» **PROBLEM TO SOLVE**
Please return the data that follows precisely as written, but without the images.

» **DATA**

== Segment start ==

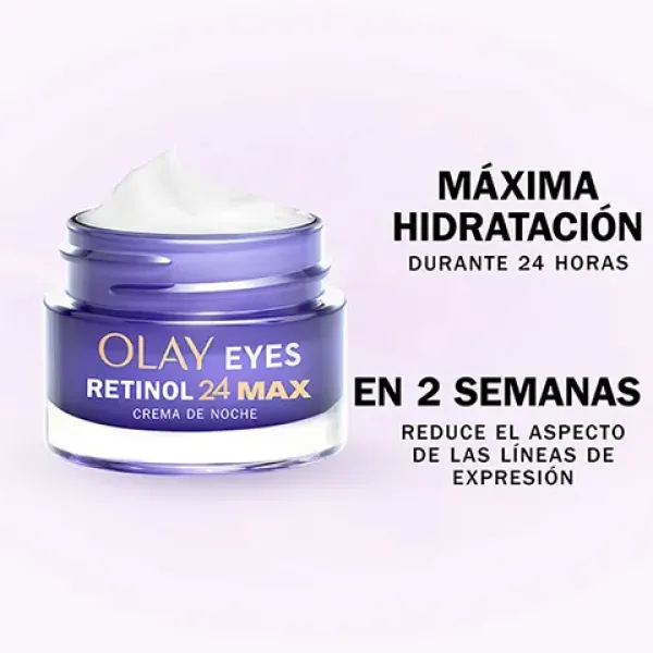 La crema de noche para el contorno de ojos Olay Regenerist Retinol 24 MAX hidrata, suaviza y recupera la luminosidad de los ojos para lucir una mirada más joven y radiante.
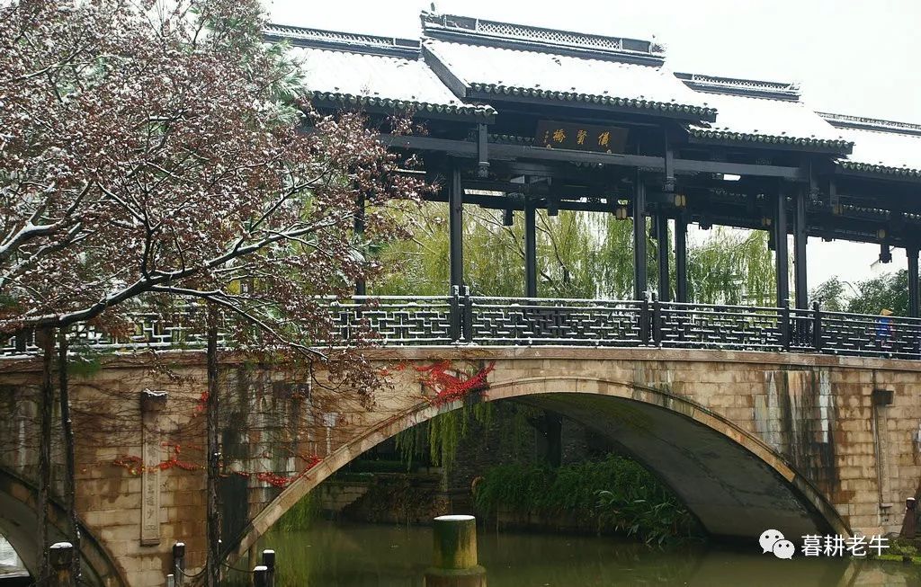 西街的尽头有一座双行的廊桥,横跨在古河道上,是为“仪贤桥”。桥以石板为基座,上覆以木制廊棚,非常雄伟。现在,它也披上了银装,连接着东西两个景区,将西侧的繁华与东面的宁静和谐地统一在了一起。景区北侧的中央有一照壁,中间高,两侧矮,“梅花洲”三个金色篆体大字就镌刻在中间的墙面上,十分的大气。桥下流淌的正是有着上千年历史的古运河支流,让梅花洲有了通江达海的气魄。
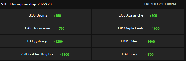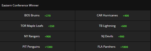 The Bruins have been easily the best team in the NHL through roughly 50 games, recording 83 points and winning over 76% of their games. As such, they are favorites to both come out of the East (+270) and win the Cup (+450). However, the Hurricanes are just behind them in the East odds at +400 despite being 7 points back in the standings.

== Segment end ==

» **WRITTEN ANSWER**
 La crema de noche para el contorno de ojos Olay Regenerist Retinol 24 MAX hidrata, suaviza y recupera la luminosidad de los ojos para lucir una mirada más joven y radiante.
 西街的尽头有一座双行的廊桥,横跨在古河道上,是为“仪贤桥”。桥以石板为基座,上覆以木制廊棚,非常雄伟。现在,它也披上了银装,连接着东西两个景区,将西侧的繁华与东面的宁静和谐地统一在了一起。景区北侧的中央有一照壁,中间高,两侧矮,“梅花洲”三个金色篆体大字就镌刻在中间的墙面上,十分的大气。桥下流淌的正是有着上千年历史的古运河支流,让梅花洲有了通江达海的气魄。
 The Bruins have been easily the best team in the NHL through roughly 50 games, recording 83 points and winning over 76% of their games. As such, they are favorites to both come out of the East (+270) and win the Cup (+450). However, the Hurricanes are just behind them in the East odds at +400 despite being 7 points back in the standings.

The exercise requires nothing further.